EXERCISE PROMPT>
Records follow. Pull out every line that contains "Đerdap".

DATA FOR THE TASK>

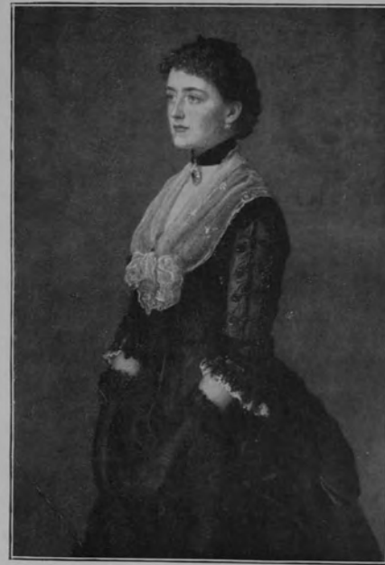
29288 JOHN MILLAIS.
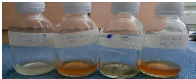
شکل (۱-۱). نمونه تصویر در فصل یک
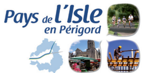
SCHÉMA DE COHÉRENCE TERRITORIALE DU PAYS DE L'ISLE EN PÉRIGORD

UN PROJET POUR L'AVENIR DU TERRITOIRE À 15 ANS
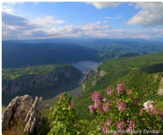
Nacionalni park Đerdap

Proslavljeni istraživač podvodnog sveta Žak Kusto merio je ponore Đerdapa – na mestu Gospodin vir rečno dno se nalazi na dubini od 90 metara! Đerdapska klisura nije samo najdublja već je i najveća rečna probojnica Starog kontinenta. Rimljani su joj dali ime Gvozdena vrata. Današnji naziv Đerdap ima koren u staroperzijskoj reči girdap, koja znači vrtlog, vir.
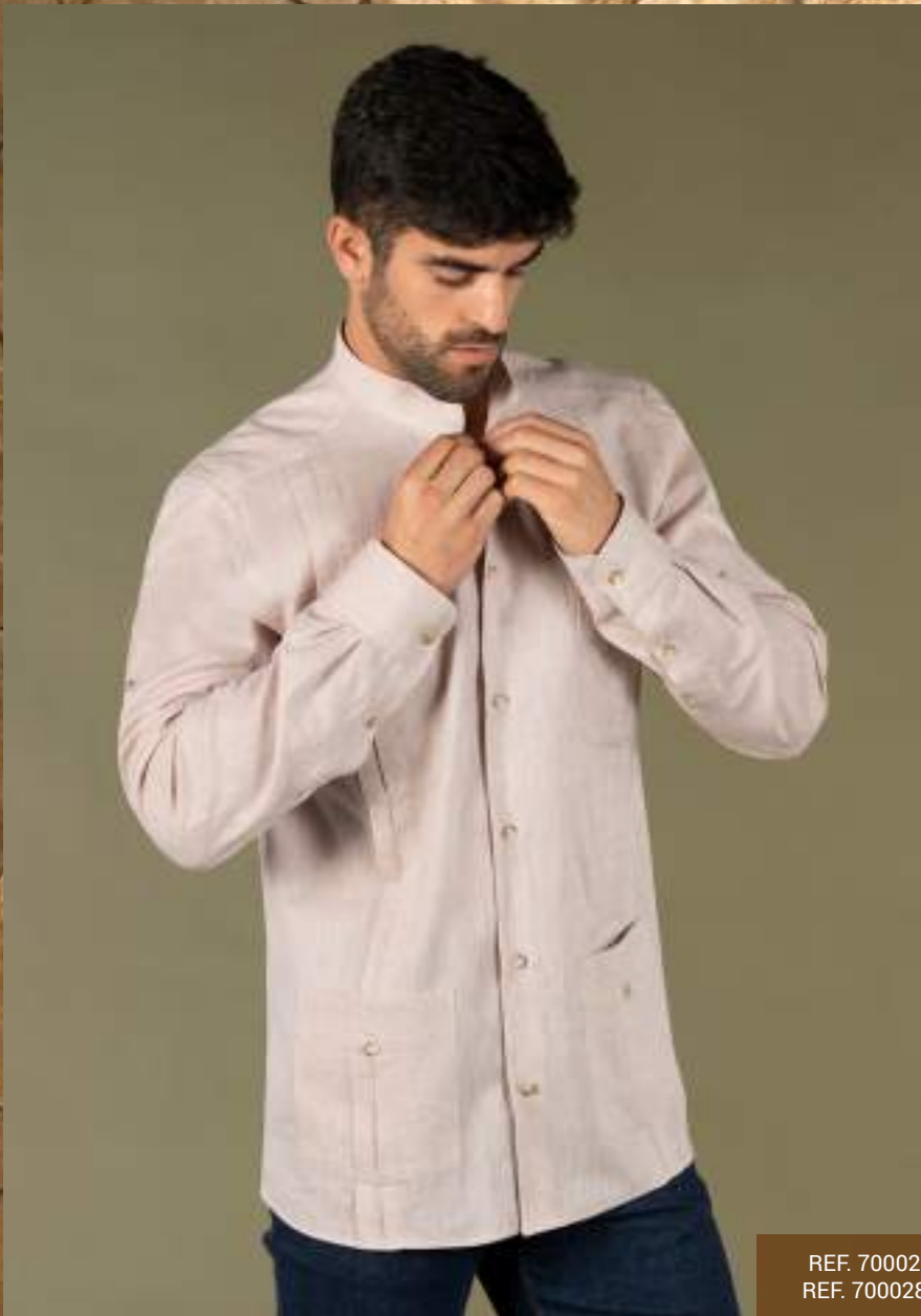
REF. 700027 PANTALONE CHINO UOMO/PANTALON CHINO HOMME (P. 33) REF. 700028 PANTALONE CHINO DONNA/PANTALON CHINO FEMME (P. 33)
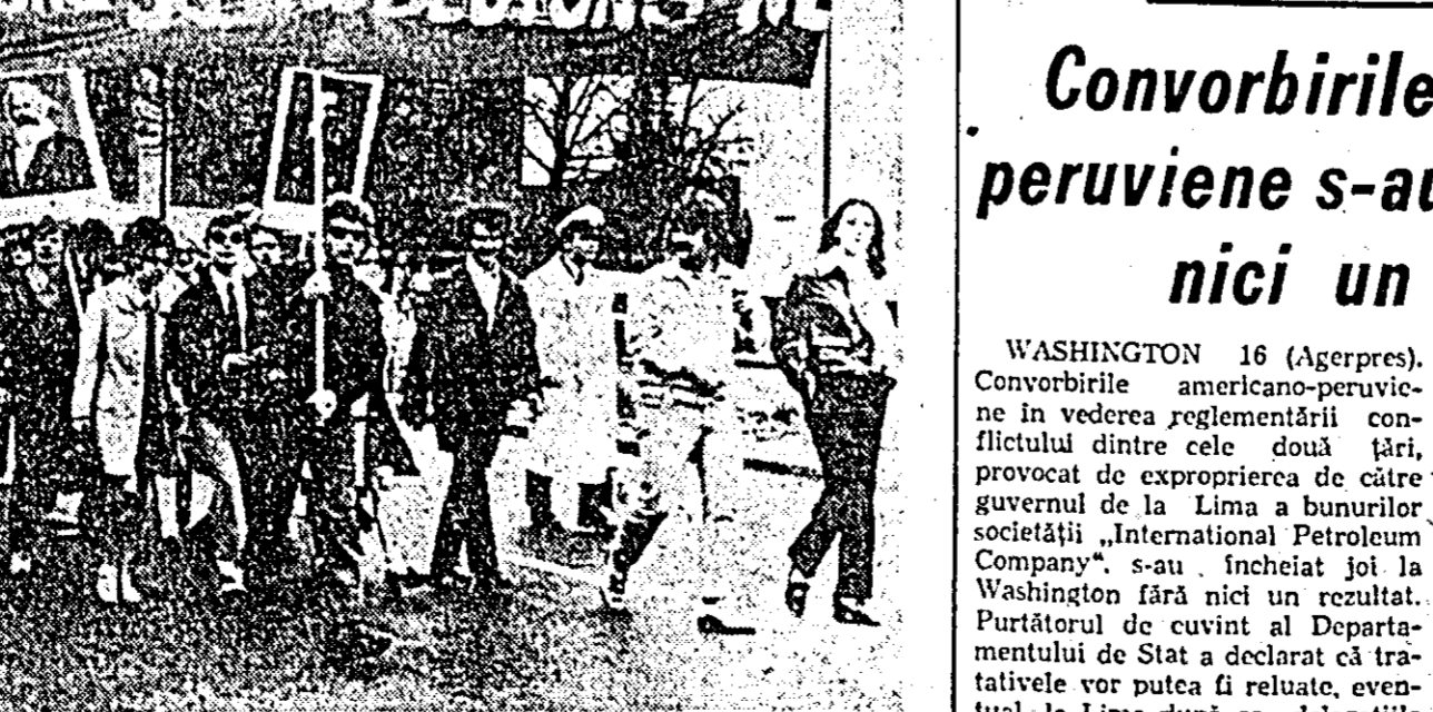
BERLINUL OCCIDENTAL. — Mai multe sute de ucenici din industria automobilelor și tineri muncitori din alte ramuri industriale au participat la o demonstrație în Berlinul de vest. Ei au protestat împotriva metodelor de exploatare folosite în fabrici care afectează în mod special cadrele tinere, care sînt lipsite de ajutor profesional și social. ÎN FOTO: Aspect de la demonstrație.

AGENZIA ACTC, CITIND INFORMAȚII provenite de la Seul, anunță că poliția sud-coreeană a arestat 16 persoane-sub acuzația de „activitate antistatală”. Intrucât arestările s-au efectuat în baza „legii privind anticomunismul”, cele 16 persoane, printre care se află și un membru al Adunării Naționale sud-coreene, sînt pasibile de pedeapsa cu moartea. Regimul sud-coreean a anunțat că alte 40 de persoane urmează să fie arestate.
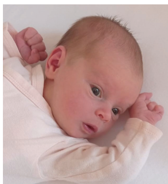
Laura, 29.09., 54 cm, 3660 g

SOLUTION TO THE EXERCISE>
Nacionalni park Đerdap
Proslavljeni istraživač podvodnog sveta Žak Kusto merio je ponore Đerdapa – na mestu Gospodin vir rečno dno se nalazi na dubini od 90 metara! Đerdapska klisura nije samo najdublja već je i najveća rečna probojnica Starog kontinenta. Rimljani su joj dali ime Gvozdena vrata. Današnji naziv Đerdap ima koren u staroperzijskoj reči girdap, koja znači vrtlog, vir.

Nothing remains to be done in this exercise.